Три господина ночи - Жюльетта Бенцони
Шрифт:
Интервал:
Закладка:
Удивительная вещь – там по приказу регента для него был создан особый режим. Его вполне прилично кормили, и карцер, в котором он сидел, был чистым. Расследование его дела началось на следующий день, и с ним разговаривали весьма учтиво, показывая тем самым, с каким уважением к нему относятся.
Судье, который заметил ему, как жаль, что столь выдающаяся личность избрала дурной путь и тем самым поставила правительство в прискорбную необходимость вынести наказание, Картуш ответил:
– Господин судья, я никогда не забуду вашей любезности. И потому я счастлив вручить вам на память обо мне этот маленький подарок…
С этими словами Картуш протянул судье его собственные часы, которые ухитрился стянуть, пока его допрашивали.
Суд не мог удержаться от смеха.
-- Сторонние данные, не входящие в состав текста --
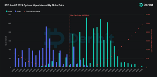 据悉,本周五将有总额高达12.2亿美元的比特币期货期权到期,其中,市场的“最大痛点”价格被设定为69,500美元。所谓“最大痛点”,即大多数期权持有者可能面临损失的价格点,但这并不意味着比特币价格一定会跌至该水平。

Этот Картуш совершенно неисправим! До чего же он забавный…
Впрочем, оказавшись за решеткой, Картуш снова стал самим собой. Страх испарился. Он тем спокойнее смотрел в лицо своей судьбе, что был твердо уверен в своем освобождении. Его армия была еще очень многочисленна и сильнее, чем можно было себе представить. И потом, существовала ведь клятва, которую они дали в тот первый вечер в заброшенной каменоломне на пустыре: его люди сделают невозможное ради того, чтобы спасти своего главаря от эшафота. И Картушу в его мечтах уже представлялась эта сцена, которая должна была стать для него подлинным триумфом: все его люди, вооруженные до зубов, соберутся на Гревской площади! В неудержимом порыве они вырвут его из рук стражи, и он спасется, возможно даже, под восторженные крики толпы…
Да и как, собственно говоря, мог он усомниться в своей популярности? В карцере, где он сидел вместе с тремя своими товарищами, постоянно толпились посетители. Невозможно даже вообразить себе количество людей, которые хотели увидеть знаменитого Картуша! Ему приносили еду и вино, угощали пирожными, шутили…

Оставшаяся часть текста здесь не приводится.